You could use Boost.Locale of Boost libraries: boost.org/doc/libs/1_55_0/libs/locale/doc/html/index.html — Nick Louloudakis
– Nick Louloudakis, Commented Dec 6, 2013 at 8:53
Use a Unicode library like ICU. Even Windows itself has enough to do this. — Mooing Duck
– Mooing Duck, Commented Dec 7, 2013 at 17:27
I assume that's an array of codepoints from the question. Can you affirm that you're going to ignore codepoints that don't fit in a short, and that it's not actually UTF-16 nor UCS-2 encoded? — Mooing Duck
– Mooing Duck, Commented Dec 7, 2013 at 17:28
In order to achieve this goal Boost.Locale uses the-state-of-the-art Unicode and Localization library: ICU - International Components for Unicode. — Chris
– Chris, Commented Feb 6, 2016 at 23:01

sms · Accepted Answer · 2016-09-04 20:20:25Z

11

Finally! With C++11!

#include <string>
#include <locale>
#include <codecvt>
#include <cassert>

int main()
{
    std::wstring_convert<std::codecvt_utf8<char32_t>, char32_t> converter;
    std::string u8str = converter.to_bytes(0x20ac);
    assert(u8str == "\xe2\x82\xac");
}

answered Sep 4, 2016 at 20:20

sms

1,0541 gold badge11 silver badges20 bronze badges

Sign up to request clarification or add additional context in comments.

3 Comments

Matthew Over a year ago

This is good, except for with Visual Studio 2015 and 2017 compilers which do not support std::codecvt with char32_t support. But you can use uint32_t: std::wstring_convert< std::codecvt_utf8<uint32_t>, uint32_t > converter;

handicraftsman Over a year ago

To everyone who will read this now: this is deprecated in C++17.

Kidsunbo Over a year ago

To everyone who will read the comment above: there is no replacement in STL in C++ 17.

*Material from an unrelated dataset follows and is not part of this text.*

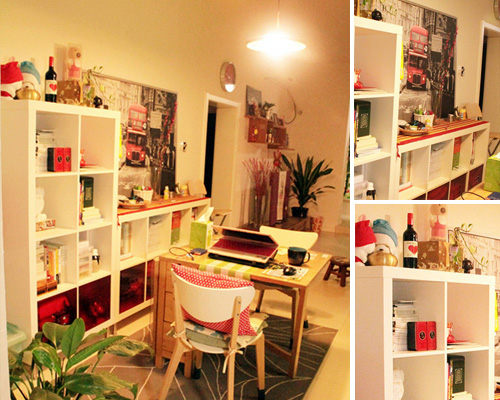 再到餐廳來,餐廳是溫馨的暖黃色調(diào)。于過道的拐角處裝出了一小書房,空間利用率做到了極致,圓形的吸頂燈照的透亮,電腦臺和寫字臺都有,既擺放著書籍也有收納框。

stenliis · Accepted Answer · 2022-12-31 16:08:23Z

5

The term Unicode refers to a standard for encoding and handling of text. This incorporates encodings like UTF-8, UTF-16, UTF-32, UCS-2, ...

I guess you are programming in a Windows environment, where Unicode typically refers to UTF-16.

When working with Unicode in C++, I would recommend the ICU library.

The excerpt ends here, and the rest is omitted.